The conference contained a diverse range of work on architectures and related fields. There were a few themes. Firstly, power consumption; a keynote from IBM and several of the papers argued the importance of energy efficient design. Work included efforts to reduce the complexity and therefore cost of architectural components. Secondly, throughput; Sun advocated high machine throughput through combined CMP and SMT. Other papers presented performance inprovements in macro- and microarchitectures. There was some work on evaluation with some silicon realisations of previous work being measured and some work on better design-stage performance methodologies. Memory consistency was covered with work on memory ordering checking and simplification using a transactional memory interface. A theme that came up in my talk, one of the keynotes and a couple of the papers was the greater stressing of the cache hierarchy by multithreaded and multicore processor. Some work on cache compression and prefetching was presented, designed to counter the increasing cache use.
This half-day workshop was where I presented some of my Hyper-Threading measurement work. The workshop was split into two sessions: the first was on simulation, the second, which included my paper, was more a more general session on multithreading and parallel architectures.

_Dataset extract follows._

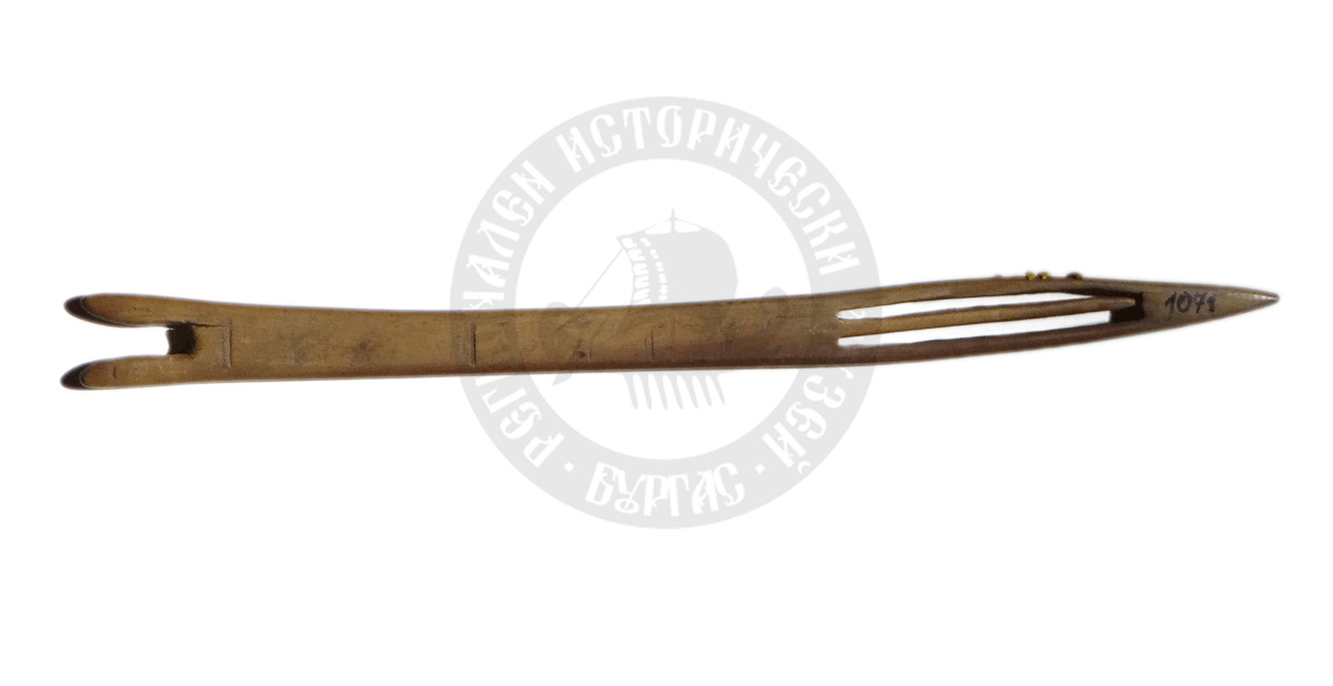 Инв. №: 1071 Фонд: Зорница Наименование: Рибарска игла Тип: игла Описание: Материал: дряново дърво Ширина(см): Дължина(см): 20 Височина(см): Тегло: Местонахождение: гр. Бургас

The simulation session had two papers on reducing simulation time by using workload reduction through modelling and temporal sampling respectively and a paper advocating the use of a common framework and library for simulators enabling repetition of (other people's) work. The organisers decided to supplement the presentations with a panel of simulation experts. The discussions were polite and the participants mostly in agreement.
The workload reduction work essentially boils down an application workload to a smaller, representative synthetic workload. It was suggested that this works well but only for easy-to-characterise workloads (e.g. SPEC Int). The sampling work highlighted two different approaches to selecting samples: statistical, and selective samples based on identified phases of execution (stratified). The main argument was that statistical simulation is easy and can provide confidence numbers but at the expense of duplication of similar execution sequences. Stratification avoid duplication but is costly to set up and is less accurate. The paper proposed combining both methods to get the best of both worlds.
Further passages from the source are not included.